Provided data:
--- START ---

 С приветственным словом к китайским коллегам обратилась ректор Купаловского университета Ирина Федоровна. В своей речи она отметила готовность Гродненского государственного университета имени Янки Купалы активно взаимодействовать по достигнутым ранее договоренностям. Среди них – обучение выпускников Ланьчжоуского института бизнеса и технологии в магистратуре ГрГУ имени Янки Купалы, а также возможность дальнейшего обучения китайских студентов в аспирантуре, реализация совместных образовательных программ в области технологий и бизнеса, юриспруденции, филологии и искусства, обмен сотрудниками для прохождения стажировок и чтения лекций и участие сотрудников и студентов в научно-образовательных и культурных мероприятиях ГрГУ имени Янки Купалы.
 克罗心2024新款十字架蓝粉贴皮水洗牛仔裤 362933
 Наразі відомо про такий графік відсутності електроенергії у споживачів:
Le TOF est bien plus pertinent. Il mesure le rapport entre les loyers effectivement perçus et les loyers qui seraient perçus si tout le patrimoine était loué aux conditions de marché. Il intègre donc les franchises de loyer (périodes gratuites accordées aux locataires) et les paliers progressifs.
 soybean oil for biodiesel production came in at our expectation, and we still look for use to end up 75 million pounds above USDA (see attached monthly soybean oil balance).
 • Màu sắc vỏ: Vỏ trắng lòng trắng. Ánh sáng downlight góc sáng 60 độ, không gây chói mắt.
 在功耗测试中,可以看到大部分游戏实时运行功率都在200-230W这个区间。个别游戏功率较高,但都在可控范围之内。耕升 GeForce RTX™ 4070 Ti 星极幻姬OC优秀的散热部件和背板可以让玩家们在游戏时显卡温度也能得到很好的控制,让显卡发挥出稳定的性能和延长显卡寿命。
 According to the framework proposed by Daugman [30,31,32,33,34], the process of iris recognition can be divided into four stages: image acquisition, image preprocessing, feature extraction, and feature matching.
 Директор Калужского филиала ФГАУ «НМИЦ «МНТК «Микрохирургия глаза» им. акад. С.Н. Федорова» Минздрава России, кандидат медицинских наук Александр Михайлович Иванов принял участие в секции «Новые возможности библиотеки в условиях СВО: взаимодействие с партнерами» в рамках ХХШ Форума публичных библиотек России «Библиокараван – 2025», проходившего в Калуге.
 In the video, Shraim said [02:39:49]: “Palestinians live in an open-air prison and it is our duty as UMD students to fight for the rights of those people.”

--- END ---

What to work on: Reply with the number only, stating how many lines in the listing hold the string "участие".

Written response: 2